This recipe is from "At Home Cafe" by Leslie Carpenter and Helen DeFrance.
- 1 tablespoon olive oil
- 1 medium onion, finely chopped
- 2 garlic cloves, crushed
- 1 pound lean ground beef
- 2 (14-ounce) cans diced tomatoes, drained
- 2 teaspoons dried oregano
- 1 1/2 teaspoons ground cinnamon
- 1 3/4 teaspoons coarse salt, plus more for cooking macaroni
- 1/4 teaspoon freshly ground pepper
- 1/2 pound elbow macaroni
- 3 tablespoons unsalted butter, plus more for baking dish
- 1/3 cup all-purpose flour
- 4 cups whole milk, (1 quart)
- 2 large eggs
- 1 cup freshly grated Parmesan cheese
- 1 cup crumbled feta cheese
Preheat oven to 375 degrees. In a large skillet, heat oil over medium heat. Add onion and garlic; cook, stirring occasionally, until onion is translucent, about 7 minutes. Stir in beef, breaking it up with a wooden spoon, and cook until browned, about 7 minutes. Drain all but 1 tablespoon fat. Add tomatoes, oregano, cinnamon, 1 teaspoon salt, and pepper; bring to a boil, then reduce to a simmer and cook, covered, for 15 minutes. Uncover, and simmer for 15 minutes more. Remove from heat; set aside.
Meanwhile, bring a large pot of water to a boil; add salt. Add macaroni; cook until al dente. Drain macaroni; set aside.
Melt butter in large saucepan over medium heat. Whisk in flour and cook, whisking constantly, for 1 minute. Increase heat to high, and while continuing to whisk, add milk and remaining 3/4 teaspoon salt. Bring to a boil, and remove from heat.
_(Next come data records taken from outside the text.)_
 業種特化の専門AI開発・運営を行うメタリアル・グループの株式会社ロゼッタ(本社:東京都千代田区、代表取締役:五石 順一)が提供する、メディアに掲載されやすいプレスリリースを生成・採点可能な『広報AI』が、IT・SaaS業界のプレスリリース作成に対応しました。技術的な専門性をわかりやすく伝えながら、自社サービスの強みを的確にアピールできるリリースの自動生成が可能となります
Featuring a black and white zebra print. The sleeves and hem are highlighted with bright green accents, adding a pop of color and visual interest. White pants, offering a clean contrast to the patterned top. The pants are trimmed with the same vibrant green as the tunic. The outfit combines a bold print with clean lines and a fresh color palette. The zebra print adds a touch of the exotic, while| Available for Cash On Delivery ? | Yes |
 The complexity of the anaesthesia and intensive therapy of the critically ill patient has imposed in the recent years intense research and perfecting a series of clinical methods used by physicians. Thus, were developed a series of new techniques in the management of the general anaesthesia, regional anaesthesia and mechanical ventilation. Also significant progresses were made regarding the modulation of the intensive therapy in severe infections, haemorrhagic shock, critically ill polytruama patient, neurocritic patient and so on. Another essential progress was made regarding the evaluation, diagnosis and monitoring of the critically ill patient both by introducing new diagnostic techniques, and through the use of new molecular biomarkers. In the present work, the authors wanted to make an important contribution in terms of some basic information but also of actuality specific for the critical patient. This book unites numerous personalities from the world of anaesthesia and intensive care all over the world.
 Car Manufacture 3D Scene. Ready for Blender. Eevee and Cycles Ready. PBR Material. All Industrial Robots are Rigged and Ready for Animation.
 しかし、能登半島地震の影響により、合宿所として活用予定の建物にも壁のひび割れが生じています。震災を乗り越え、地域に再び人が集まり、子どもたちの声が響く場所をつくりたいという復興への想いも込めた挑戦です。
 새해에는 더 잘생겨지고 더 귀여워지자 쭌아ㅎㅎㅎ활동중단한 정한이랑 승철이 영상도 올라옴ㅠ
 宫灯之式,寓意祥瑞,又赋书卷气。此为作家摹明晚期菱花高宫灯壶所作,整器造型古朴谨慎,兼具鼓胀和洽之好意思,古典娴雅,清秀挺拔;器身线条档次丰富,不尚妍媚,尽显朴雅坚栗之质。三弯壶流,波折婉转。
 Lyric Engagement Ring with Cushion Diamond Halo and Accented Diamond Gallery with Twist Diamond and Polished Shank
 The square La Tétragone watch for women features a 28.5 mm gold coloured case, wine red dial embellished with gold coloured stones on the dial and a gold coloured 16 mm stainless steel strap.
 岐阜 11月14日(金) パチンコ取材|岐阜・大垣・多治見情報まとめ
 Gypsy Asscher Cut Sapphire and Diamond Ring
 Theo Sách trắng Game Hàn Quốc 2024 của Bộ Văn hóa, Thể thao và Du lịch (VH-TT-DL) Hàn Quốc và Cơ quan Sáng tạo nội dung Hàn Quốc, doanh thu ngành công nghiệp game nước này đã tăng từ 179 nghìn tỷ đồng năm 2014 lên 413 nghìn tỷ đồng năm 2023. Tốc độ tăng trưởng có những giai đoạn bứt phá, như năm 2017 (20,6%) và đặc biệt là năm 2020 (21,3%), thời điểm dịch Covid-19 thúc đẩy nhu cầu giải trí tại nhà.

Beat eggs in a small bowl. Slowly whisk in 1 cup of hot cream sauce, being careful not to scramble eggs, then beat egg mixture back into cream sauce. Whisk in 3/4 cup Parmesan.
Brush a 9-by-13-inch baking dish with butter. Add half of the macaroni. Cover with 1 1/2 cups cheese sauce. Spread beef mixture evenly over. Layer with remaining macaroni; sprinkle with feta cheese. Top with remaining cheese sauce, and sprinkle with remaining 1/4 cup Parmesan. Bake in oven until golden and bubbling, 35 minutes. Let stand until firm, about 15 minutes.